XDCR V1 is not working

I want to run XDCR replication from cluster1 to cluster2, both are Couchbase Server community 4.1.1 running on ubuntu. They are behind firewalls so I opened port 8092 on both clusters to the IP addresses in the other cluster and I’ve verified that both clusters can run view queries over port 8092 on the other cluster. I chose XDCR v1 because I only wanted to open port 8092. Performance is not an issue, this is for a test and will be shut off once the initial replication is complete).

I created an outgoing XDCR V1 from cluster1 to cluster2 and it said everything was created ok, and I started replication of one of the buckets, but it doesn’t seem to be doing anything. It’s been over 10 minutes and there are no errors reported in the logs on either cluster, but there are no documents replicated either. The Outbound XDCR Operations on cluster1 showed initially that it had a few million mutations (the number of docs in the bucket), then it went down to 2 mutations and nothing is happening in any of the graphs. I tried restarting the node for cluster1 and now the number of mutations is correct but it’s still not replicating anything.

NOTE: I did accidentally create a XDCR V2 replication initially, then saw there were constant errors replicating and that I needed to open a lot more ports, so I paused it then removed it and then created the XDCR v1.

It’s rather old functionality now, but my recollection is that port 8091 is also needed, as each side needs to see what the topology is on the other side. Since you control both sides, you might be able to open ports 8091/8092 to just the hosts in question.

Sorry I forgot to mention that port 8091 is also open.

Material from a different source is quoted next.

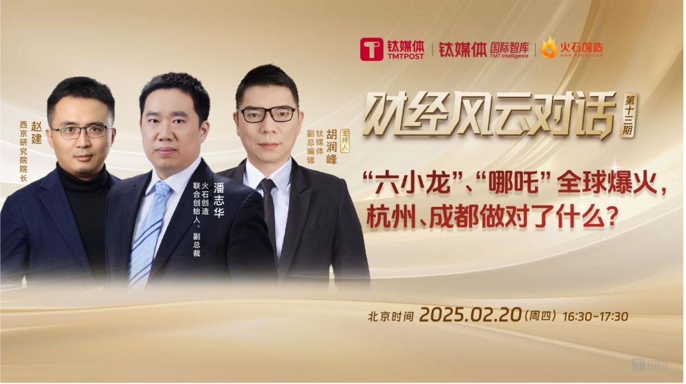 第十三期《钛媒体财经风云对话》,主持人钛媒体副总编辑、钛媒体国际智库执行院长胡润峰,特邀西京研究院院长赵建,火石创造联合创始人、副总裁潘志华,共同揭秘杭州、成都的成功之道。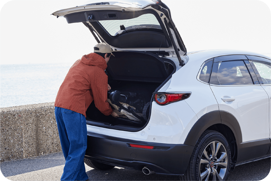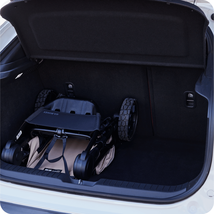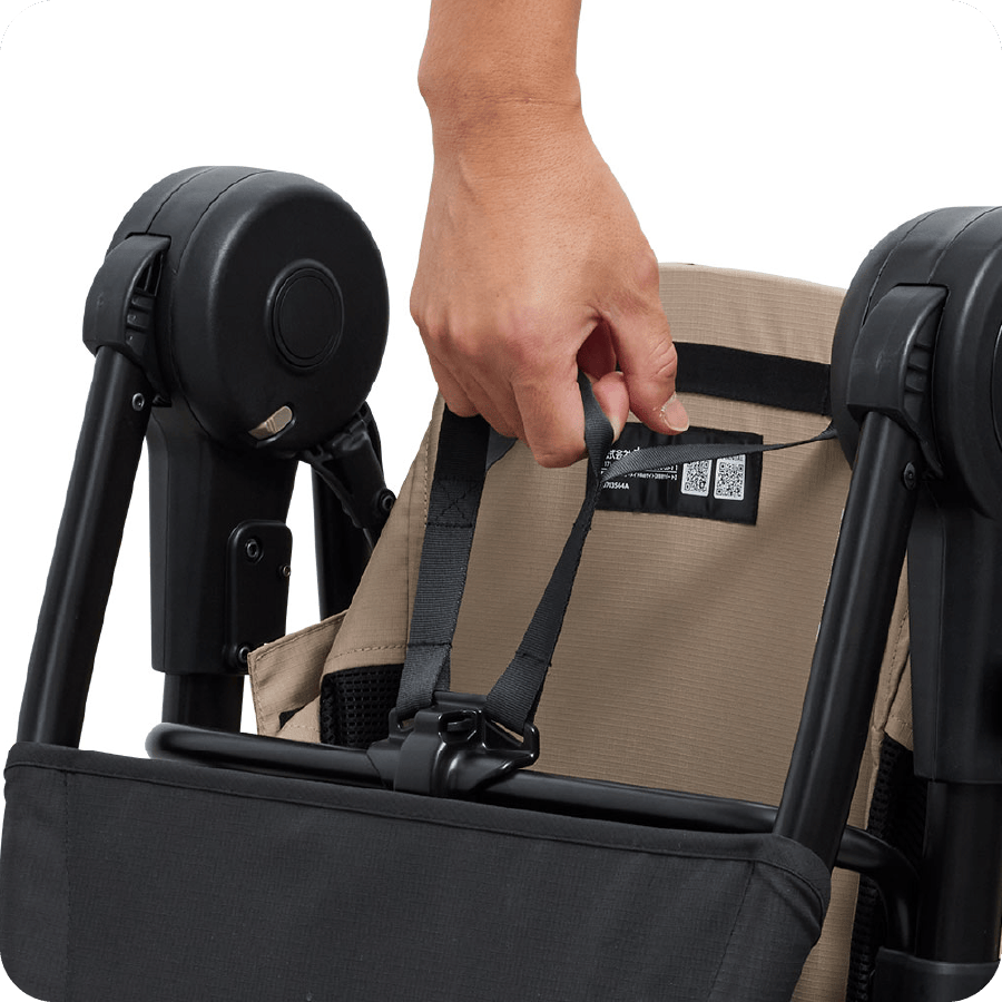 折りたたんだ後の持ち運びはもちろん、クルマへの積み込みや降ろし、さらには自宅での収納まで、すべて片手でラクに行える設計です。力をあまり必要とせずスムーズに扱えるため、外出先や帰宅後のちょっとした動作もストレスなく行え、日常のお出かけをより快適にサポートします。

The only other thing I can think of is make sure the hostnames/ports are resolvable from each cluster to the nodes of the other. Hope that helps.

I double checked that the hostnames resolve and then I opened all required ports for XDCR v2 and tried creating a replicate with xdcr v2 but it reported errors communicating over one of the ports I had opened (11210). I’m on Azure trying to replicate from a cluster in one vnet to a cluster in another vnet, and I opened the ports using azure security groups, so I think it’s an Azure issue. I eventually gave up and just created my new cluster inside the same vnet as the existing one and then replication worked.

I know Azure is not recommended for xdcr but I thought it just said it would be slow. Is XDCR across vnets not supported in Azure at all?

XDCR works fine on Azure. Please share the screen shots to help us identify the issue.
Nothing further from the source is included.